#### WHAT IS BEING ASKED:
Would you please repeat exactly the entries below, starting at the line with "一、归母净利润由负转正" and ending at the line with "Dekoracja cukrowa liście", and nothing outside that range? Leave out the pictures.

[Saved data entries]

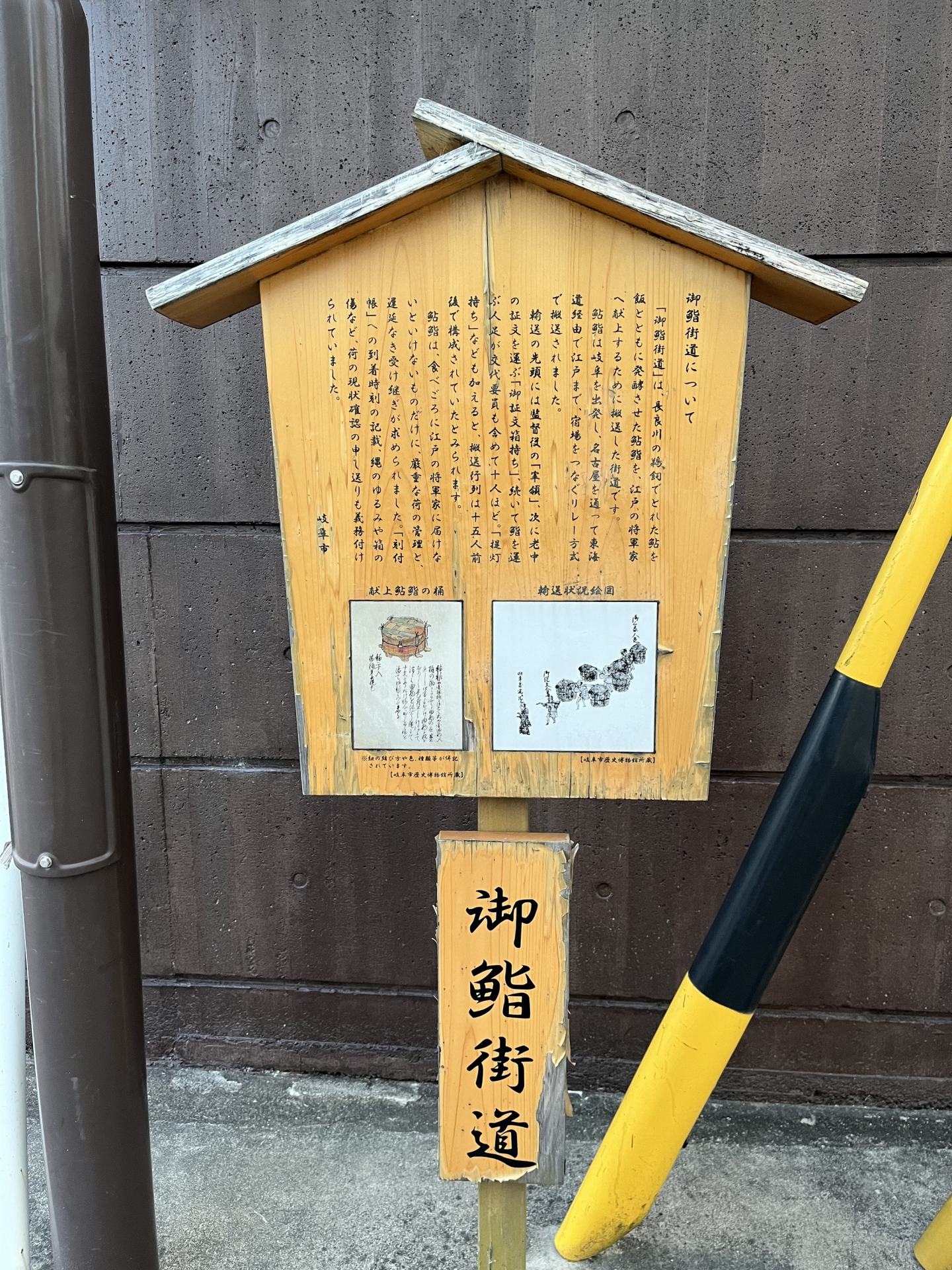 江戸時代、長良川の鵜飼で捕れた鮎は、御鮨所と呼ばれる施設で飯と一緒に発酵させて鮎鮨とされ、尾張藩からの献上品として江戸の将軍家に運ばれた。岐阜から笠松町を経て名古屋、熱田へと続く岐阜街道(尾張街道)はそのルートとなったことから、御鮨街道(別名・鮎鮨街道)と称される。江戸までは昼夜兼行で運ばれ、4、5日で到着したという。街道沿いには今も、かつての岐阜の風情を感じさせる景観が多く残されている。
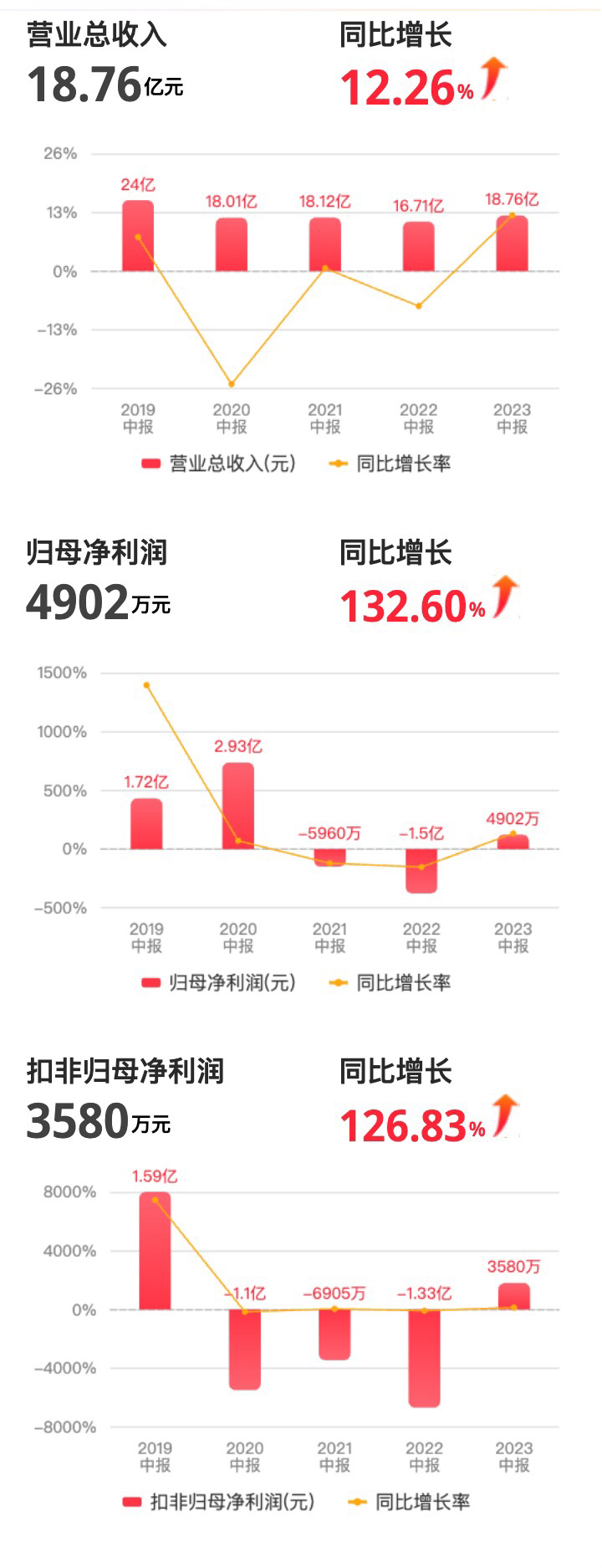 一、归母净利润由负转正
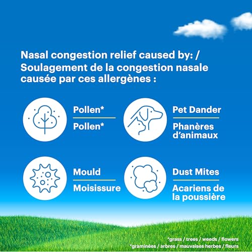 - Non-drowsy Claritin Allergy Decongestant provides fast, temporary relief of nasal congestion for up to 12 hours, Provides fast acting relief of nasal congestion caused by outdoor allergens such as trees, grass, ragweed and pollen and indoor allergens such as dust mites, animal dander and moulds, In a convenient nasal spray format, Claritin provides fast relief of nasal congestion due to cold, hay fever or upper respiratory allergies, The active ingredient in Claritin Nasal Decongestant is 0.05% oxymetazoline hydrochloride USP
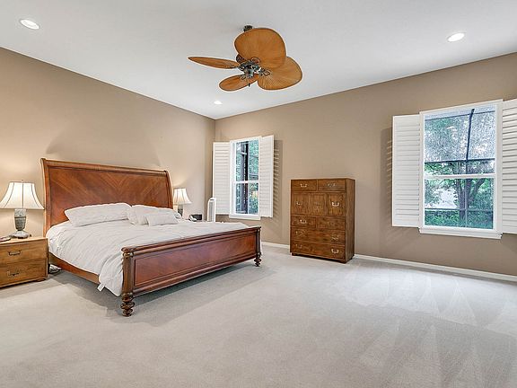 Welcome to OakCreste, a private, gated street of 22 custom homes. This single-story brick home has 5 large bedrooms in a split floor plan. There is a great bedroom with private bathroom, perfect for Grandparents; two large bedrooms that share a bathroom; a bedroom with glass french doors, perfect for office, playroom or nursery; and a second story private loft over the garage, complete with huge closet and full en-suite bathroom. The Master suite has a closet system, plantation shutters and deep soaking hydro spa bathtub. Create your "Dream Spa" in the master bathroom. Sparkling pool views through sliding pocket glass doors bring the outside in. Screened 13x30 solar-heated pool and spa are perfect year round. Luxury features include French pattern tile, cathedral ceilings, gourmet kitchen updated 2014, new roof 2014, whole house water softener and filtration system, and extra storage space throughout. Custom Mahogany built-in cabinetry, designer granite countertop, cozy wood-burning fireplace, a 3-car garage with oversized paver driveway. Fenced low maintenance private backyard is perfect for pets. Quick closing available.
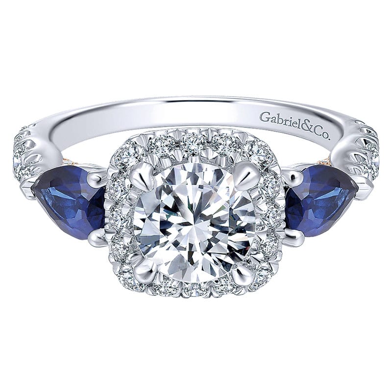 14k White and Pink Gold Diamond And Sapphire Halo Engagement Ring ER12617R4T44SA
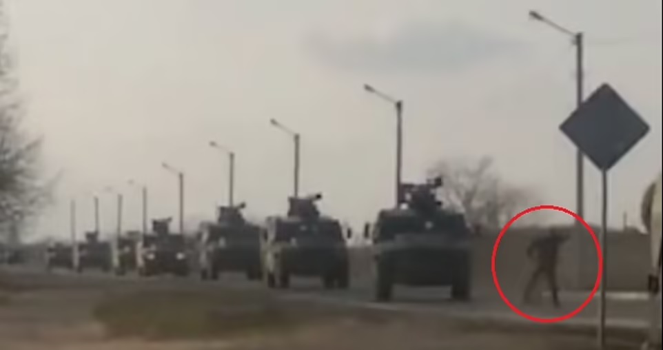 In yet another footage, a Ukrainian man slowed down a large convoy of Russian vehicles in the south of the country as he charged onto the road knowing it could very well cost him his life.
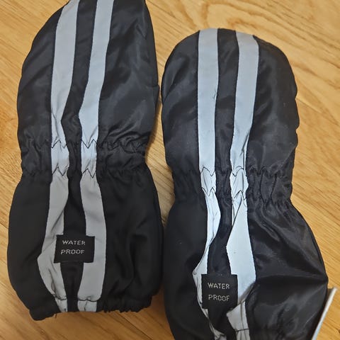 HC Outwear yhden lapsen käyttämät mustat hanskat välikauteen. Kokomerkintä 1-2v, mutta meillä meni vielä 3-vuotiaanakin. Kämmenen vahvistusosan sauma irvistelee molemmista hanskoista.
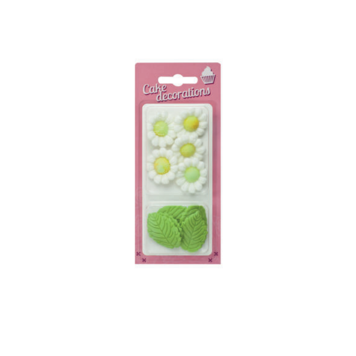 Dekoracja cukrowa liście oraz rumianki białe w blistrze, Rose Decor
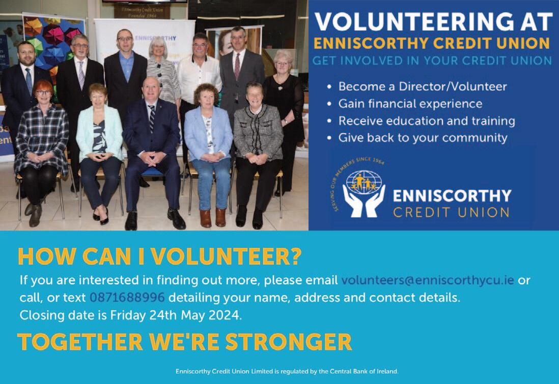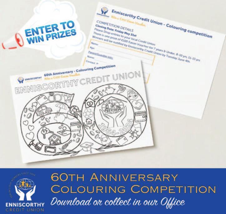 We also wish continued success to Enniscorthy Credit Union which is celebrating 60 years of service this year. Check out our pictorial coverage on pages 28-29.
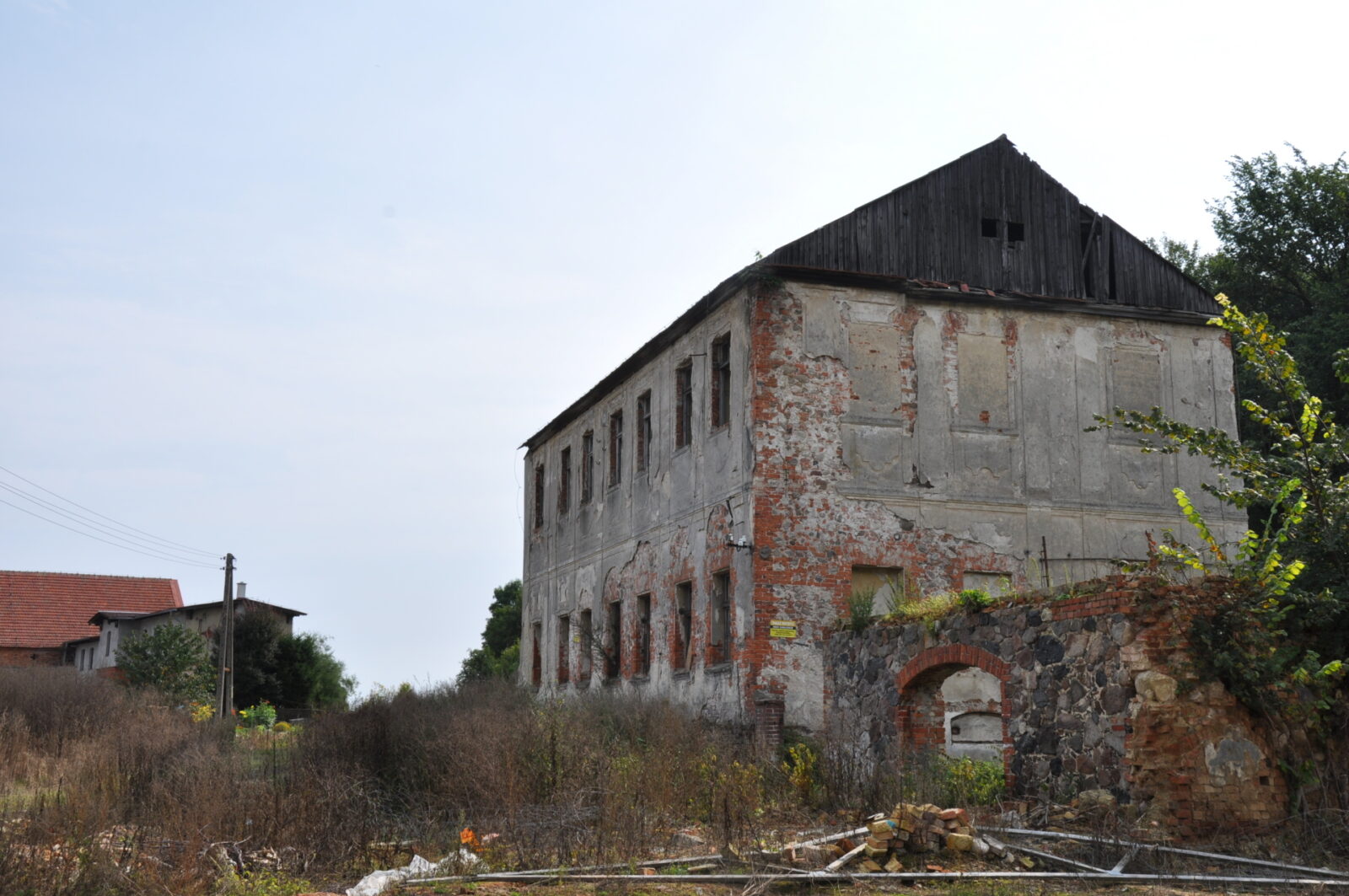Obiekt położony jest na obecnym terenie dworskim. Renesansowy XVI-wieczny dwór powstał na planie prostokąta z oszkarpowanymi narożami, prawdopodobnie w miejscu jeszcze starszej siedziby. W XVIII wieku obiekt przekształcono w barokową rezydencję. Za fundatorów pierwotnego obiektu uważa się rodzinę Rackel z II połowy XV wieku. Obecnie dwór jest w stanie ruiny.
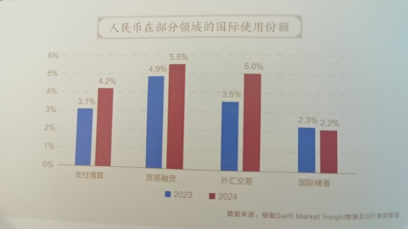 調查亦指,人民幣的國際職能進一步增強。根據SWIFT報文數據和IMF數據,2024年人民幣在支付清算、貿易融資、外匯交易、外匯儲備中的使用份額分別為4.2%,5.5%和5%和2.2%,總體較2023年有不同程度提升。按份額衡量,人民幣為全球第四大支付貨幣、第三大貿易融資貨幣、第五大外匯交易貨幣,第七大儲備貨幣。(完) 【編輯:譚暢】
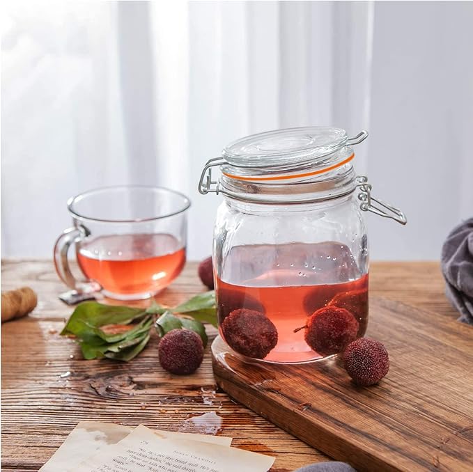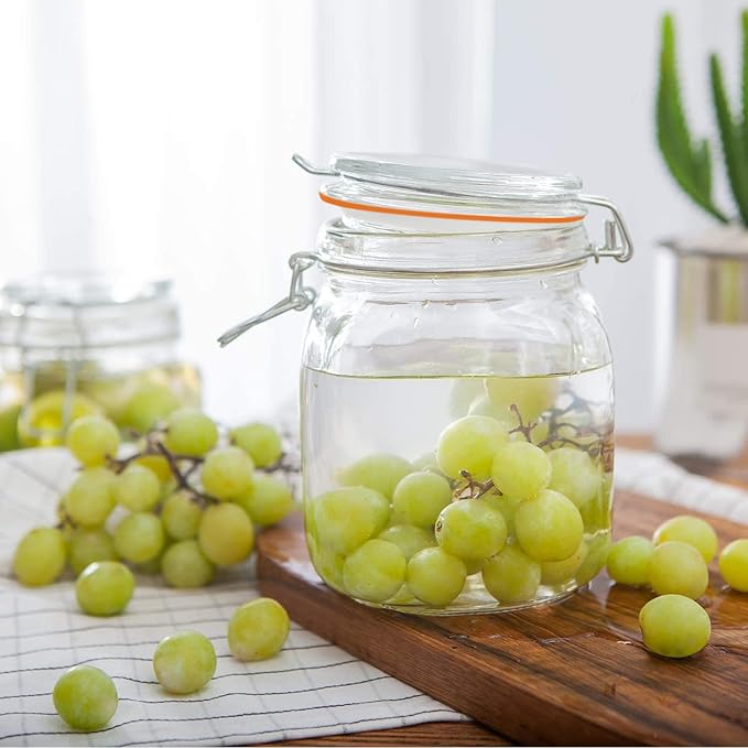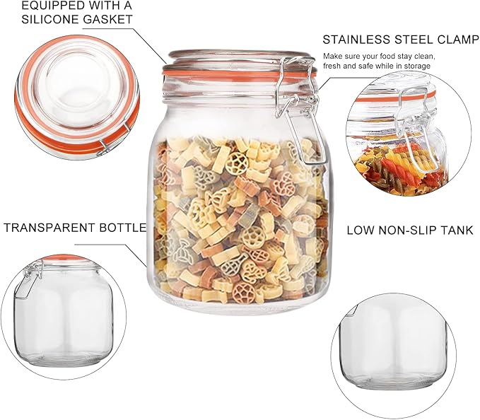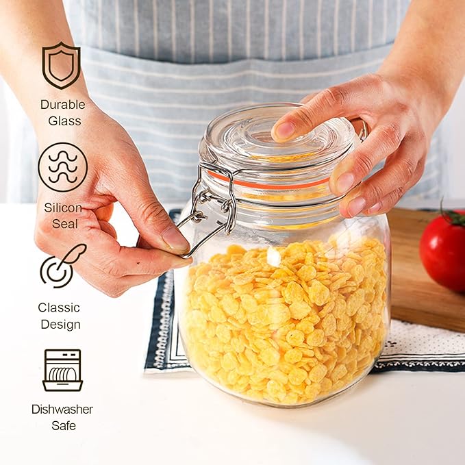 - Excellent Organization Set:These multipurpose,prefect size to be used as canisters,storage jars for home and kitchen,ideal for pasta,cereal,coffee,beans,sugar,candy,cookies,snacks,rice,noodles, flour,spices,seeds,shells,bath salts,powder and so much more,also great for canning your own pickles and other canning foods!Each jar equipped with a hinged lid that provide airtight seal to keep your storage to remain fresher for longer,elegant design make its being a excellent gift for sure too!
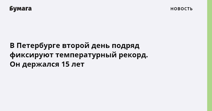 В Петербурге зафиксировали температурный рекорд — второй раз подряд. Об этом сообщает синоптик центра «Фобос» Михаил Леус.

#### TASK SOLUTION:
 一、归母净利润由负转正
 - Non-drowsy Claritin Allergy Decongestant provides fast, temporary relief of nasal congestion for up to 12 hours, Provides fast acting relief of nasal congestion caused by outdoor allergens such as trees, grass, ragweed and pollen and indoor allergens such as dust mites, animal dander and moulds, In a convenient nasal spray format, Claritin provides fast relief of nasal congestion due to cold, hay fever or upper respiratory allergies, The active ingredient in Claritin Nasal Decongestant is 0.05% oxymetazoline hydrochloride USP
 Welcome to OakCreste, a private, gated street of 22 custom homes. This single-story brick home has 5 large bedrooms in a split floor plan. There is a great bedroom with private bathroom, perfect for Grandparents; two large bedrooms that share a bathroom; a bedroom with glass french doors, perfect for office, playroom or nursery; and a second story private loft over the garage, complete with huge closet and full en-suite bathroom. The Master suite has a closet system, plantation shutters and deep soaking hydro spa bathtub. Create your "Dream Spa" in the master bathroom. Sparkling pool views through sliding pocket glass doors bring the outside in. Screened 13x30 solar-heated pool and spa are perfect year round. Luxury features include French pattern tile, cathedral ceilings, gourmet kitchen updated 2014, new roof 2014, whole house water softener and filtration system, and extra storage space throughout. Custom Mahogany built-in cabinetry, designer granite countertop, cozy wood-burning fireplace, a 3-car garage with oversized paver driveway. Fenced low maintenance private backyard is perfect for pets. Quick closing available.
 14k White and Pink Gold Diamond And Sapphire Halo Engagement Ring ER12617R4T44SA
 In yet another footage, a Ukrainian man slowed down a large convoy of Russian vehicles in the south of the country as he charged onto the road knowing it could very well cost him his life.
 HC Outwear yhden lapsen käyttämät mustat hanskat välikauteen. Kokomerkintä 1-2v, mutta meillä meni vielä 3-vuotiaanakin. Kämmenen vahvistusosan sauma irvistelee molemmista hanskoista.
 Dekoracja cukrowa liście oraz rumianki białe w blistrze, Rose Decor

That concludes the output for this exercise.